TASK STATEMENT
Make an exact copy of the listing so that no picture is carried over.

───── DATASET CONTENT ─────

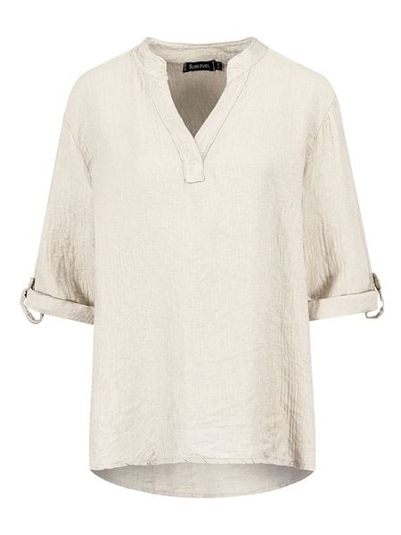 – kołnierz: stójka- dekolt: V- zakończenie rękawów: patka i guzik- krój: prosty- dolny brzeg: zaokrąglony- detale: ozdobna zakładka- look: jednokolorowy
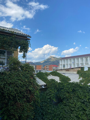 Парковки как таковой нет, на дороге вдоль дома. Номер в котором жили трёх местный, в номере шкаф,телевизор, комод, холодильник, тумбочка, кондиционер. Маленький санузел , на унитазе сидишь боком, раковина очень маленькая на уровне колен. До моря минут 15 , 200метров по пыли. Есть импровизированная кухня.Добыть кипячёную воду можно только чайником на газу. Услуга стирки 100 руб(самая мутная), бельё отдаёте хозяйке, она его куда-то уносит, где-то стирает и после возвращает. И самый большой минус курящие люди, в этом доме разрешают курить везде(кроме номеров), с открытым окном жить невозможно. Хозяева приветливые, но психованные!!!
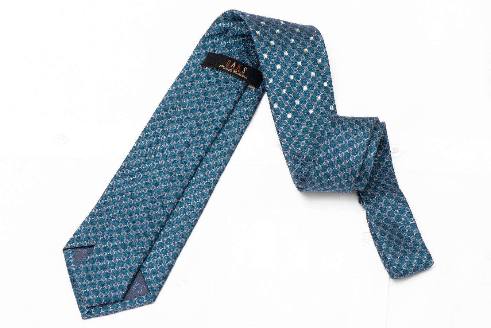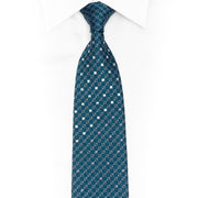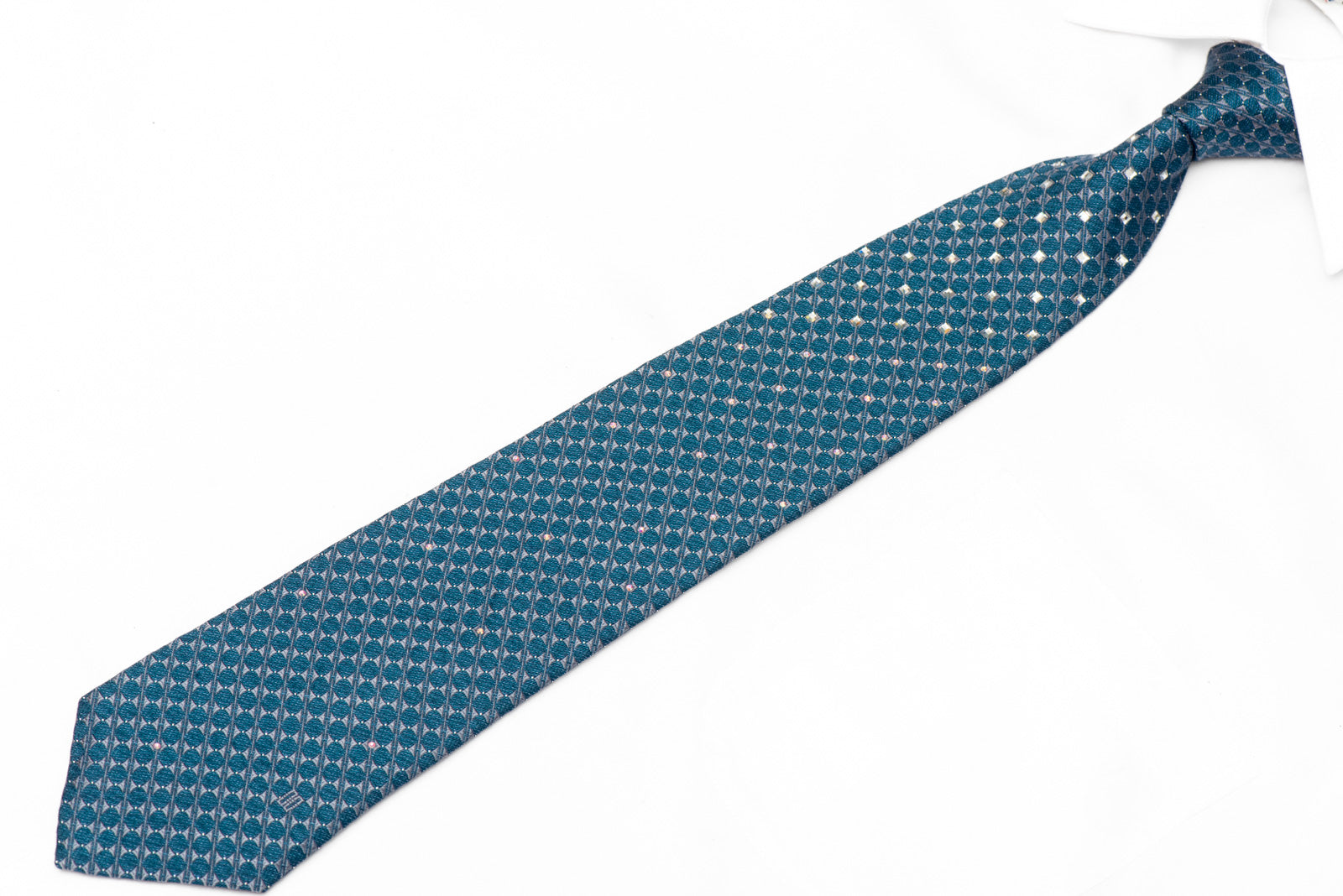 Geometric On Teal Rhinestone Silk Necktie With Silver
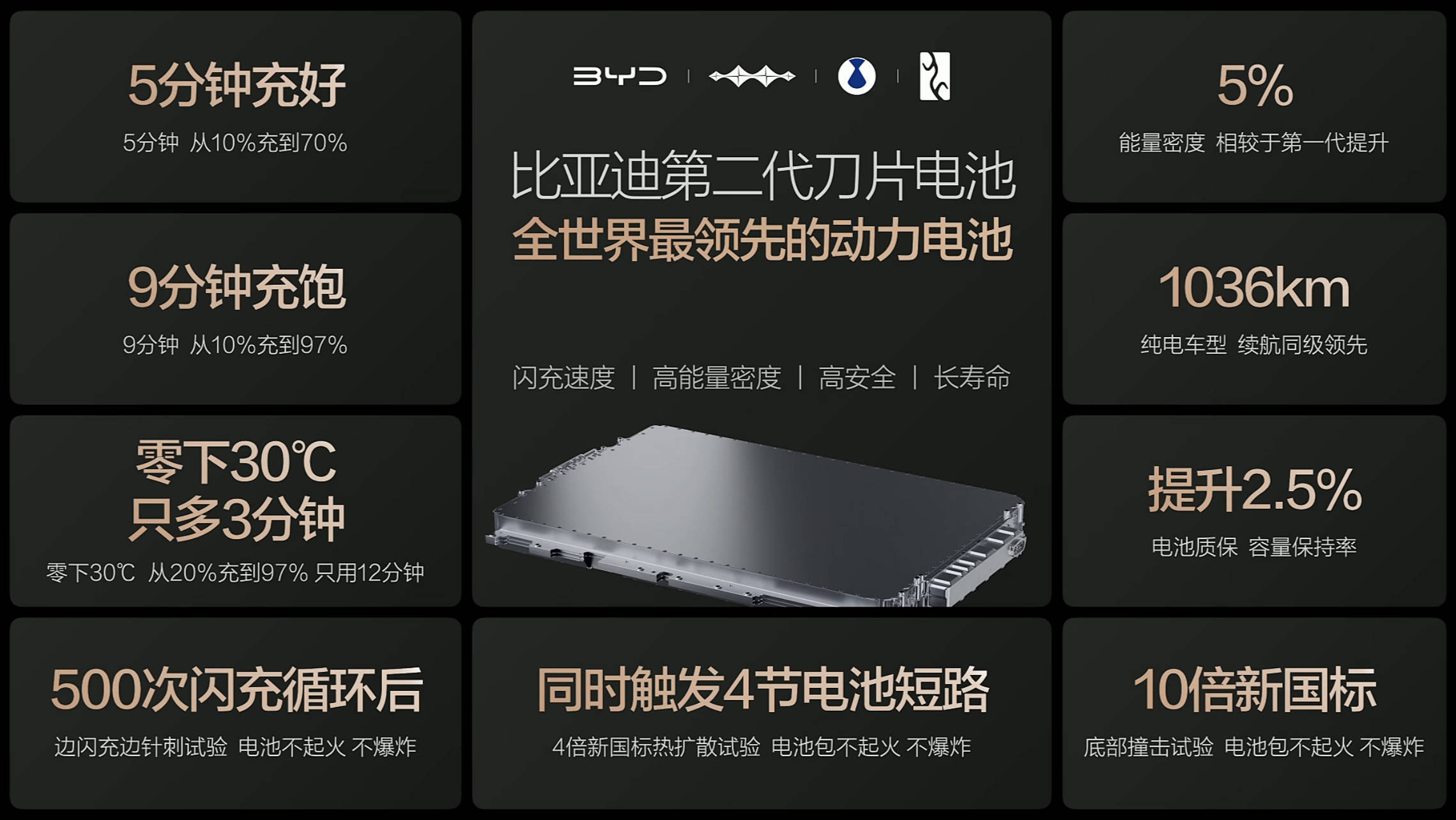 续航与安全的平衡一直是行业难题,而第二代刀片电池实现了两者的完美统一。通过材料创新与结构优化,电池能量密度提升超过5%,搭载该电池的车型续航里程突破1036公里,其中腾势Z9GT更成为当前量产车型中的续航冠军。安全性能方面,电池不仅通过多项远超国标的测试,更完成行业首创的"边闪充边针刺"极限验证——在高速充电状态下遭受针刺仍保持稳定,彻底消除了用户对快充安全的顾虑。

─────

TASK ANSWER
 – kołnierz: stójka- dekolt: V- zakończenie rękawów: patka i guzik- krój: prosty- dolny brzeg: zaokrąglony- detale: ozdobna zakładka- look: jednokolorowy
 Парковки как таковой нет, на дороге вдоль дома. Номер в котором жили трёх местный, в номере шкаф,телевизор, комод, холодильник, тумбочка, кондиционер. Маленький санузел , на унитазе сидишь боком, раковина очень маленькая на уровне колен. До моря минут 15 , 200метров по пыли. Есть импровизированная кухня.Добыть кипячёную воду можно только чайником на газу. Услуга стирки 100 руб(самая мутная), бельё отдаёте хозяйке, она его куда-то уносит, где-то стирает и после возвращает. И самый большой минус курящие люди, в этом доме разрешают курить везде(кроме номеров), с открытым окном жить невозможно. Хозяева приветливые, но психованные!!!
 Geometric On Teal Rhinestone Silk Necktie With Silver
 续航与安全的平衡一直是行业难题,而第二代刀片电池实现了两者的完美统一。通过材料创新与结构优化,电池能量密度提升超过5%,搭载该电池的车型续航里程突破1036公里,其中腾势Z9GT更成为当前量产车型中的续航冠军。安全性能方面,电池不仅通过多项远超国标的测试,更完成行业首创的"边闪充边针刺"极限验证——在高速充电状态下遭受针刺仍保持稳定,彻底消除了用户对快充安全的顾虑。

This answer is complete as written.